Il y a exactement une semaine, un décret publié au Journal Officiel annonçait la finalisation de la vente de droits d’exploitation pour les 14 aéroports régionaux grecs au consortium allemand Fraport-Slentel. Des points juridiques et techniques sont encore à régler, mais l’accord sera définitif « au cours des semaines à venir ». Des privatisations, il y en avait déjà eu, comme celle du site de l’ancien aéroport d’Athènes, Hellenikon, ou celle de la société de jeux, l’OPAP, cédée à un consortium gréco-tchèque. Mais celle-ci est la première effective du gouvernement Tsipras qui y était formellement, apriori, opposé, et – paradoxalement ? – la plus importante depuis 2010 et le début de la crise en Grèce… L’Allemagne ne sera pas le seul vautour.
Des aéroports prometteurs pour quelques dizaines de millions d’euros l’unité…
Sont concernés des aéroports très touristiques tels que ceux des îles de Mykonos, Rhodes, Santorin, Corfou, Kos, Skiathos, Samos, Zakynthos, Cephalonie… Mais aussi des aéroports de Thessalonique, Kavala, Mytilène, Aktio et Chania en Crète.
Le tandem germano-grec devrait investir environ 330 millions d’euros sur quatre ans dans la modernisation de ces aéroports, dans le cadre d’une concession de 40 ans, en plus d’un loyer de 22,9 millions d’euros payés à l’État grec chaque année.

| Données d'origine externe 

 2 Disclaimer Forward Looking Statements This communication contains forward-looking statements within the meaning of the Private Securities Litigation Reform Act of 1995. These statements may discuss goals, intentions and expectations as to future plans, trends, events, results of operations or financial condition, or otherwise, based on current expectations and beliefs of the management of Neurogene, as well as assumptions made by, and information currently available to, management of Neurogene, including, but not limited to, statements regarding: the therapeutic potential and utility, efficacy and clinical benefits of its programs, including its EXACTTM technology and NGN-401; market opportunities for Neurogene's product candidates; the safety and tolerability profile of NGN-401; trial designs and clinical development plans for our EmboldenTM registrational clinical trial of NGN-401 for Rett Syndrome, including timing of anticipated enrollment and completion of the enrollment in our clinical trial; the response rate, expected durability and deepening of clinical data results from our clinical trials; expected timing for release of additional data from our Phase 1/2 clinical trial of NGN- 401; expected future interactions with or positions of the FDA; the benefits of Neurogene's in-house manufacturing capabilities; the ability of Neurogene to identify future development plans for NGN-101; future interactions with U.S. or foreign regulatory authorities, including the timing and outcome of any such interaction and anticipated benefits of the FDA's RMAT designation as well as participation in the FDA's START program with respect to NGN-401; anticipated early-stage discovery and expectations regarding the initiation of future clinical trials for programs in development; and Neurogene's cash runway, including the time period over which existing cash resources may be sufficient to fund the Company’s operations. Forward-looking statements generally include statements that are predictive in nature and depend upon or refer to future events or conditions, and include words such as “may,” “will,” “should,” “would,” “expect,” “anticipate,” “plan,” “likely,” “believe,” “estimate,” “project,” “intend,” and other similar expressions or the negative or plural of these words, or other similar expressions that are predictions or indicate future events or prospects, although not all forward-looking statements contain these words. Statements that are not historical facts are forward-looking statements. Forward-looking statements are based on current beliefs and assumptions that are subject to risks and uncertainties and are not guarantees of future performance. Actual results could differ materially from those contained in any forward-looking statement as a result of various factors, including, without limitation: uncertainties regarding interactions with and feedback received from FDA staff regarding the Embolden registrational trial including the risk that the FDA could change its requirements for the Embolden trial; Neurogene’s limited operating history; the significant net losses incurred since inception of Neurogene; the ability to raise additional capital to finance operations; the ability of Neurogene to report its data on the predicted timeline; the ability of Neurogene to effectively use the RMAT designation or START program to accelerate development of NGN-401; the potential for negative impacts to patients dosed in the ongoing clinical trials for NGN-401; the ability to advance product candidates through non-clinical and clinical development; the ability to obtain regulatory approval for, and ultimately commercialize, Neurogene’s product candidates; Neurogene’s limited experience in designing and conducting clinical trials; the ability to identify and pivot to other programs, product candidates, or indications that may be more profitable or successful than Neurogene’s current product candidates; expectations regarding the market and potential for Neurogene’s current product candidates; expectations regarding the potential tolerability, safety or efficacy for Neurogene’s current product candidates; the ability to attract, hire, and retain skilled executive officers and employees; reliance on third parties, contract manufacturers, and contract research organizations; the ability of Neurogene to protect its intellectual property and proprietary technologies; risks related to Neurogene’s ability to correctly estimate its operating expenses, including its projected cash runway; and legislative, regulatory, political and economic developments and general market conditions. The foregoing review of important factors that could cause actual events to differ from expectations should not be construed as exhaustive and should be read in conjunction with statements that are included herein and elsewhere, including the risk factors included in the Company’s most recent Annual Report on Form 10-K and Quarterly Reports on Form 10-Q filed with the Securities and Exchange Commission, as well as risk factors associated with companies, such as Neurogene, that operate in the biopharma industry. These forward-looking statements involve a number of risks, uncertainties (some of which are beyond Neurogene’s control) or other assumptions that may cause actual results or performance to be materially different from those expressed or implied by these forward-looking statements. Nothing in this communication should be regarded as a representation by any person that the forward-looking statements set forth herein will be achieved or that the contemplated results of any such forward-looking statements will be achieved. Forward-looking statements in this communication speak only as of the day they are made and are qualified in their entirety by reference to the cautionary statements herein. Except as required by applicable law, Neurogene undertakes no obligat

Syriza n’a pas sauvé la Grèce
Certes, l’appel d’offres remonte au gouvernement précédent. Il avait d’ailleurs été gelé sitôt l’élection en janvier dernier du premier ministre Alexis Tsipras, fermement opposé à ce gigantesque programme de privatisation forcé. Aujourd’hui, il se retrouve pourtant approuvé, mis en œuvre par ce même gouvernement de coalition de gauche radicale qui n’a pas su résister à l’imposition du troisième plan d’aide à la Grèce, approuvé par le Parlement le 15 août dernier.
Syriza avait tant bien que mal promis de réexaminer les termes de l’appel d’offres. Mais l’accord final ne comporte décidément aucune modification significative… Depuis début juillet et l’acceptation par Tsipras des propositions de l’Eurogroup, on parle de « capitulation », de « trahison ». Ce décret du 18 août en a été la preuve pour beaucoup : victime de son oui à l’Euro en dépit de la réponse populaire qu’il avait lui-même sollicité, le premier ministre grec a d’ailleurs annoncé sa démission deux jours plus tard…

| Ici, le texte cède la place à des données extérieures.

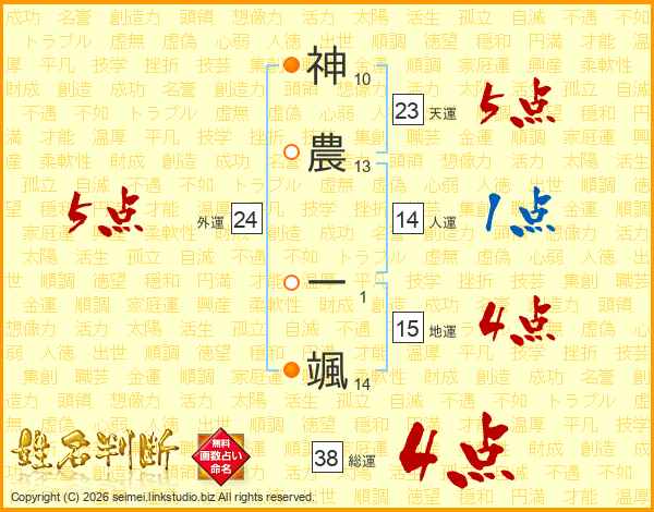神農一颯さんの総運は38画の4点!

Privatisations : l’Allemagne à l’affût ? Parmi d’autres…
« Les privatisations bénéficieront à l’économie grecque et au peuple », ont assuré les ministres et le principal parti d’opposition Nouvelle Démocratie (ND). Création d’emplois, vivier de développement…
Elles entrent surtout dans le grand projet européen et par-delà mondial d’asservissement des États par leur économie. Selon le protocole établi avec ses créanciers internationaux, c’est à toute une série de privatisations que la Grèce va devoir procéder : ses aéroports régionaux, mais aussi ses ports, l’opérateur de son réseau électrique, sa compagnie de chemin de fer, son gestionnaire du réseau ferré… Son objectif imposé est d’engranger 50 milliards d’euros – 25 milliards pour restructurer les banques, 25 autres au service de la dette et aux investissements. C’est la contrepartie des 86 milliards d’euros de sauvetage décidés et nouvellement promis cet été.

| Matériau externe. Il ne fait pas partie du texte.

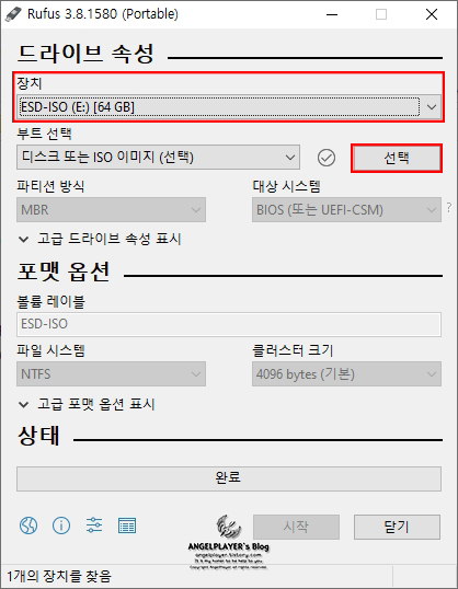 우선 [장치] 탭에서 부팅 USB로 제작 할 원하는 USB가 맞는지 다시 한 번 확인해주세요!
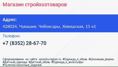 Магазин стройхозтоваров по адресу 428024, Чувашия, Чебоксары, Хевешская, 15 к1 в дальнейшем Организация, размещена в следующих категориях:

La grande vente – grande braderie ? – d’actifs publics grecs devrait se poursuivre jusqu’en 2025. Et il n’y aura pas que l’Allemagne à se mettre sur les rangs.
L’Eurogroupe a évité tout « Grexit » pour garder la main sur le pays et la renforce même via ces accords successifs. Le grignotage méthodique qui commence n’est que la suite logique d’une politique d’endettement progressif : la Grèce entrée, à force de promesses et de mirages, dans la zone euro, n’a plus qu’à tendre ses poignets. La politique d’austérité est la politique des puissants – des riches.